В высшей степени удовлетворенный, я отправился в свою комнатку под крышей и провел там целый час в состоянии блаженной мечтательности. Анна казалась мне более восхитительной, более достойной любви, чем когда бы то ни было. Все мои помыслы были поглощены ею, я словно отрешился от самого себя, она казалась мне такой хрупкой, что вызывала во мне чувство нежного сострадания. Я не смог долго усидеть на месте; сентябрьское солнце уже заходило, мне хотелось проводить Анну до дому в первый раз после чудесных времен детства. Но она уже ушла, отправившись через гору одна; кузины собирались домой и, укладывая вышивание, смотрели на меня с равнодушным спокойствием; а я взглянул на опустевший стол, но, поостерегшись справиться, взяла ли Анна с собой мою бумагу, пошел уныло бродить по долине в сторону леса.

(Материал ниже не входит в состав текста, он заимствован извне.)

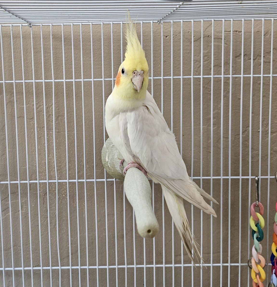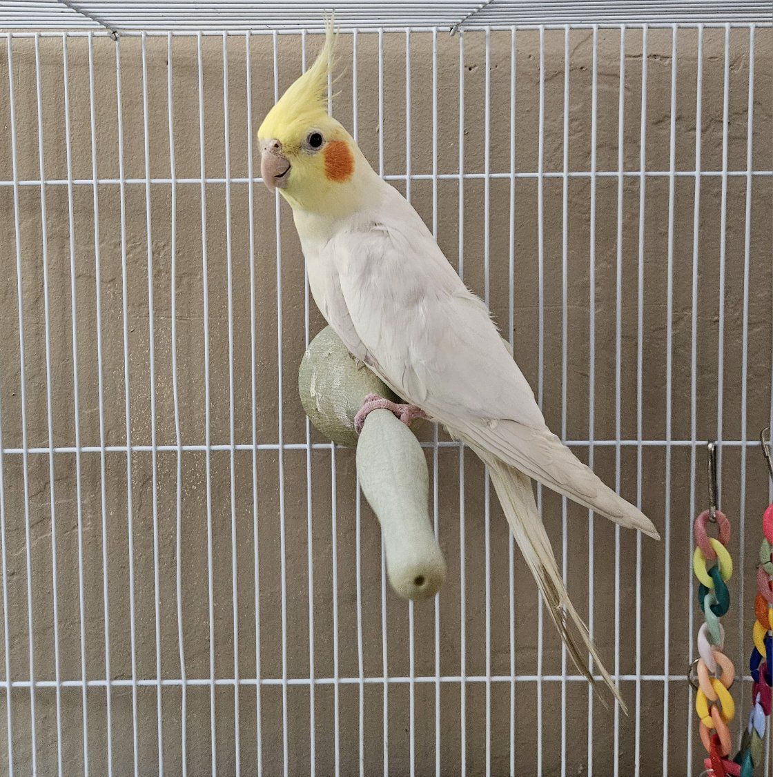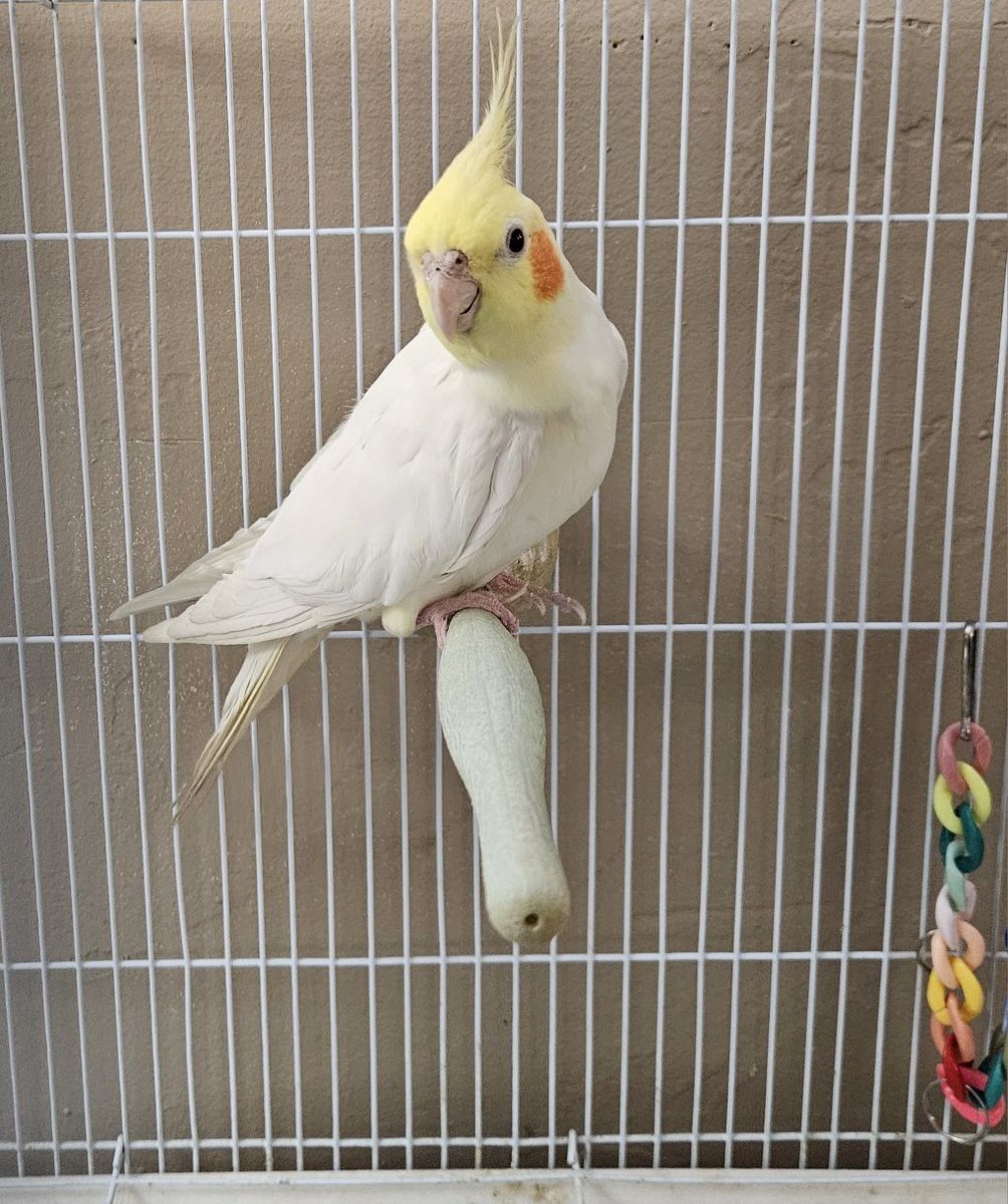 Beautiful 2 yr. old male Lutino Cockatiel. He is semi-tame and will let you hold him. Doesn't come with a cage.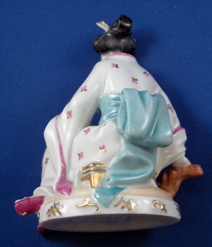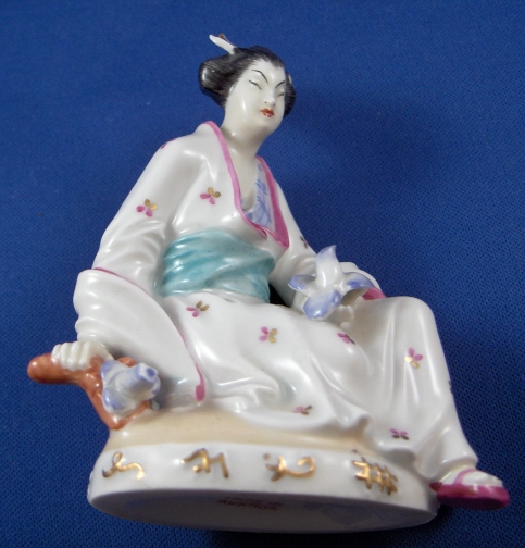 This is a figurine of a Chinese lady in the Art Deco style made by Augarten around 1930. She is 3.5 inches tall, 3 inches wide and 2 inches deep. The geisha is in good condition with the ends of the sticks in her hair being a bit rough but I am unsure if they are chipped or made that way as they are gilded. Also a tiny fleabite underneath one flower. Marked underneath with the blue shield with the crown on top as well as the word Wien underneath, impressed letter O, black number 30, as well as made in Austria in overglaze reddish brown. Please email me for more information or photos.

В следующие дни Анна не появлялась у нас, а я не решался идти к учителю. Теперь у нее было мое письменное признание, и мне казалось, что отныне мы оба утратили свободу и что это положило конец простоте и непосредственности наших отношений, — я слишком хорошо чувствовал, что признание было вырвано у меня насильно. Так шли день за днем, и уже снова начала исчезать моя внезапно обретенная уверенность, тем более что о происшествии в беседке никто не упоминал и никаких последствий оно не имело. Я уже снова едва было не закрыл наглухо свое сердце, как вдруг наступил день именин учителя, который я в трудную минуту призвал себе на помощь. Кузины заявили, что под вечер мы все вместе отправимся поздравить его. Вот когда я наконец снова увидел мою картину, — она была вставлена в изящную рамку. Эта изящная рамка, которой было, пожалуй, лет семьдесят и которую девушки сняли с какой-то испорченной гравюры, была сделана из узких планок, оклеенных ракушками, наполовину прикрывавшими одна другую. По внутреннему краю рамки была пущена тонкая цепочка с квадратными звеньями, по наружному краю — нитка с бусинками. Сельский стекольщик, который был на все руки мастер и особенно умело наводил новый лак на старинные шкатулки, придал ракушкам розоватый глянец, позолотил цепочку, побелил бусинки, вставил в рамку новое стекло, — и я с удивлением увидел мой рисунок во всем этом блестящем оформлении. Портрет вызвал восхищение всех деревенских его зрителей, которых особенно поразили мои цветы и птицы, а также золотые пряжки и драгоценные камни, украшавшие Анну и ее одежду. Все удивляло их, — и то, с какой тщательностью написаны ее волосы, и ее белый сборчатый воротничок, и ее голубые глаза, и розовые щеки, и пунцовый рот; все это вполне отвечало буйному воображению зрителей, их взоры радовались многообразию всех этих черт. Лицо было написано почти без теней, одной светлой краской, что особенно понравилось им, хотя единственной причиной этого мнимого достоинства была моя беспомощность.